A Novel Multi-Robot Task Assignment Scheme Based on a Multi-Angle K-Means Clustering Algorithm and a Two-Stage Load-Balancing Strategy
Round 1
Reviewer 1 Report
A practical task assignment is one of the core problems of a multi-robot system. In this paper, a multi-robot task assignment strategy based on load balancing is proposed to effectively balance and plan out the execution cost of each robot when it has a large number of working task points. The proposed method can well solve the uneven execution cost of each robot in the task assignment process, and effectively improve the efficiency of the system in completing tasks
Author Response
Response: Thank you for your affirmation to our manuscript.
Reviewer 2 Report
The topic of the paper is Multi-robot Task Assignment. The task on which the authors demonstrated their system is based on the processing of a series of tasks in space by a group of robots. This task is similar to the Travelling Salesman Problem (TSP), with the addition that at each node the robots have to perform some work (product storage and selection). The authors combine several known and original methods. They use a modified K-Means algorithm to partition the task points to clusters, then the original algorithm for adjusting, and then a genetic algorithm is used to solve the route-finding problem for each robot.
I have the following criticisms of the text:
In my opinion, the mathematical model has shortcomings, some of which I mention below
- Formally, for relation (2) I have an idea what the authors want to express, but I believe that it is not expressed correctly in this way
- The storage and retrieval model described from line 164 onwards is not well argued and it is not clear why it is developed in this way. Moreover, it is not clear to me how this can affect the system described
- Relations (14) and (18) use indices that I don't understand very well.

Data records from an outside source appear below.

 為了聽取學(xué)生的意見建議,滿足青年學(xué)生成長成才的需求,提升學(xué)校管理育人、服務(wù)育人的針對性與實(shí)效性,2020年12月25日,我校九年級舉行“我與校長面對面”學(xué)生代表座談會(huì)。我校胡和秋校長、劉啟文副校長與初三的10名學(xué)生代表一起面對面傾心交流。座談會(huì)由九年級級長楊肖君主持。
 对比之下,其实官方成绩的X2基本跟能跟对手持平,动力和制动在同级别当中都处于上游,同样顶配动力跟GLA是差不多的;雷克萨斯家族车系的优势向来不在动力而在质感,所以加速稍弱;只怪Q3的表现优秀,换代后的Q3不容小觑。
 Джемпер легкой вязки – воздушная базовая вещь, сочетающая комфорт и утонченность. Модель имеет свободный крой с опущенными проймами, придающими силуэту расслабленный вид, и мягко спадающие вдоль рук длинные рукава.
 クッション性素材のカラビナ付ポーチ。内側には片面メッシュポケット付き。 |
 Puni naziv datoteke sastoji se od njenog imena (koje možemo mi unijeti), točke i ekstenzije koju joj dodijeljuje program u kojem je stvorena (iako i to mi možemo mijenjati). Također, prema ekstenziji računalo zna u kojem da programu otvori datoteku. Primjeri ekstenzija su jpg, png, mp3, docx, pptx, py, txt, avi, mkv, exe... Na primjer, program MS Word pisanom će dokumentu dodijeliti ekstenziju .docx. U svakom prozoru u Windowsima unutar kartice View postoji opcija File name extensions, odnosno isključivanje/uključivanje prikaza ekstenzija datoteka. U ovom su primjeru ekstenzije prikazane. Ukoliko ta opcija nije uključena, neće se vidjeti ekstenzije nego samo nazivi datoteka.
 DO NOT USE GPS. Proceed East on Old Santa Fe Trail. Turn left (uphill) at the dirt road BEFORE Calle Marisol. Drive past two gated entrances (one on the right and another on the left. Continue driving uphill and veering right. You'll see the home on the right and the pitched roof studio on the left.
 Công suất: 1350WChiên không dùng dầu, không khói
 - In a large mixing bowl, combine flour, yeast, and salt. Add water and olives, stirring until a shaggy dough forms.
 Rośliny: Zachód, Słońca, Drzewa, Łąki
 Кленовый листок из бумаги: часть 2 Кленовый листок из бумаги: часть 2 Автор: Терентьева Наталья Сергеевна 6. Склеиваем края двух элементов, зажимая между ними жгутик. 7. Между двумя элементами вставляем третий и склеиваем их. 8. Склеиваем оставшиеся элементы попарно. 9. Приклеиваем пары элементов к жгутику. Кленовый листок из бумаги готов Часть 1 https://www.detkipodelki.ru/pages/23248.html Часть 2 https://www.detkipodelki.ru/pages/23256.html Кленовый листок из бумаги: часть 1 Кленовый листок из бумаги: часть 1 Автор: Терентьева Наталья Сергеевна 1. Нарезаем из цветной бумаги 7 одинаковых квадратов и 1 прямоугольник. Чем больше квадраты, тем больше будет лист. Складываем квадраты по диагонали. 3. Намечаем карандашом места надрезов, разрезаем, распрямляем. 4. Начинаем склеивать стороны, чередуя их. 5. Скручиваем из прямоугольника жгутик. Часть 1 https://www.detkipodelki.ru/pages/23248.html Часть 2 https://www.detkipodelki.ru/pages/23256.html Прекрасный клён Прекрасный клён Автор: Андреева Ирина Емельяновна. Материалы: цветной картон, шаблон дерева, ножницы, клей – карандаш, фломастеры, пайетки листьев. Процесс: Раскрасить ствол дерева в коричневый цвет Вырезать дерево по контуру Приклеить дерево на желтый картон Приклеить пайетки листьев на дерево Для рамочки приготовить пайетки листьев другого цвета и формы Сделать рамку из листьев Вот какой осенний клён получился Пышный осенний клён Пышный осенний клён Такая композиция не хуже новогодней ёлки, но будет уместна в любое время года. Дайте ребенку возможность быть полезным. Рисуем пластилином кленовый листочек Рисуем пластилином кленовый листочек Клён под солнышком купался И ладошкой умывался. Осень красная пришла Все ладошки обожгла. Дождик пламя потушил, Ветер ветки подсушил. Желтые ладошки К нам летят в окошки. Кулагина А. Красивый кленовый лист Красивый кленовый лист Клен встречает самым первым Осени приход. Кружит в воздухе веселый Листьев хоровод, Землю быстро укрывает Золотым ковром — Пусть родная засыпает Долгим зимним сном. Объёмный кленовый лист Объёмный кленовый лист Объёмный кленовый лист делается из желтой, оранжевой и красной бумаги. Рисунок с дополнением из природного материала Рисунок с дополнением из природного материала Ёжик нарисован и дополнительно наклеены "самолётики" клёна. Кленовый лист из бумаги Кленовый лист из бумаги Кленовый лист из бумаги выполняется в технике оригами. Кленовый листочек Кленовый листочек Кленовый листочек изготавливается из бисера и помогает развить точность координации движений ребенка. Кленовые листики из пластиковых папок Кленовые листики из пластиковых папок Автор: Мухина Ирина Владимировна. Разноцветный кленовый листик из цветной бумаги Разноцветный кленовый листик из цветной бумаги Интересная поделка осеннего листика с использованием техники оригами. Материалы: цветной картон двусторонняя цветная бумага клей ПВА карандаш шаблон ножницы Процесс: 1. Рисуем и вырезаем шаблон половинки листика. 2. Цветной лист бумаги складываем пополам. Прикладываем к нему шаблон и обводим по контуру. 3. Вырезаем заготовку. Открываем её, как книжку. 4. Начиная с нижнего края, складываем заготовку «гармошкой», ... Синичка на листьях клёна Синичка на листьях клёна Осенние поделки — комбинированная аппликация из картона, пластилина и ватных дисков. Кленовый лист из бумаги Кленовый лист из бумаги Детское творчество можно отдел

In my opinion, the indices on the left side of the equation and in the numerator should be the same, and in the denominator a different index is used for the sum
- They denote the robot, and the robot is defined by route (150), which I don't think is very appropriate. Moreover, the symbol R is used again as points at some distance from the centre (346)
I would also like to state my other objections:
Many approaches are used to solve TSP, not only genetic algorithms (GA). Therefore, this could have been mentioned in the text, since to my knowledge GAs do not always guarantee the best results
On line 281 it states that the result is the optimal solution after using adjustment strategies. But I am not completely convinced by the text that solving such an output is guaranteed to be optimal.
The evaluation of the results is weaker. The evaluation method uses the classic K-means to demonstrate that the version of this algorithm used improves the results slightly, on the order of tenths of a percent. It is further shown that the support phase solutions achieved by the looping algorithm used further improve. However, it would be appropriate and desirable for the authors to indicate how their solution holds up against the current best approaches for solving the problem.
The text needs to be checked especially in the parts that use the formal approach and recheck at least what I have stated above. A better argument for using the stated approach to advance the current state of knowledge on how to solve multirobot problems would greatly improve the usefulness of this text.
Author Response
Thank you for your comments concerning our manuscript entitled “A novel multi-robot task assignment scheme based on a multi-angle K-means clustering algorithm and a two-stage load-balancing strategy” (ID: electronics-2573191). Those comments are all valuable and very helpful for revising and improving our paper, as well as the important guiding significance to our researches. We have studied comments carefully and have made corrections which we hope meet with approval. I have revised the manuscript in a revised state, and the changes are shown in the manuscript. We have added new fund information, which has been shaded in yellow in the manuscript.
We highlighted the changes to my manuscript within the document by using shaded text (yellow) in the manuscript and blue text in the response comment.
Author Response File: Author Response.pdf
Reviewer 3 Report
The problem is well stated and motivated. The proposed solution is clear and well explained.
The manuscript has a clear and comphrensive literature review.
The paper has a sufficient amount of recent references.
The proposed algorithms are well presented, are clear and organized.
Comments for improving the text:
Page 10, line 371: In section 4, I suggest that authors use the term "simulation tests and analysis" rather than "experiments and analysis". The title gives the impression that experimental tests will be presented when in fact they are just numerical simulations. I also suggest authors to specify the value of the sample time used in simulation tests.
Author Response
Response: Thank you for your affirmation to our manuscript.
Comments for improving the text: Page 10, line 371: In section 4, I suggest that authors use the term "simulation tests and analysis" rather than "experiments and analysis". The title gives the impression that experimental tests will be presented when in fact they are just numerical simulations.
Response: Thanks for reviewer’s valuable review. We have changed the title of section 4. Thank you for your detailed comment.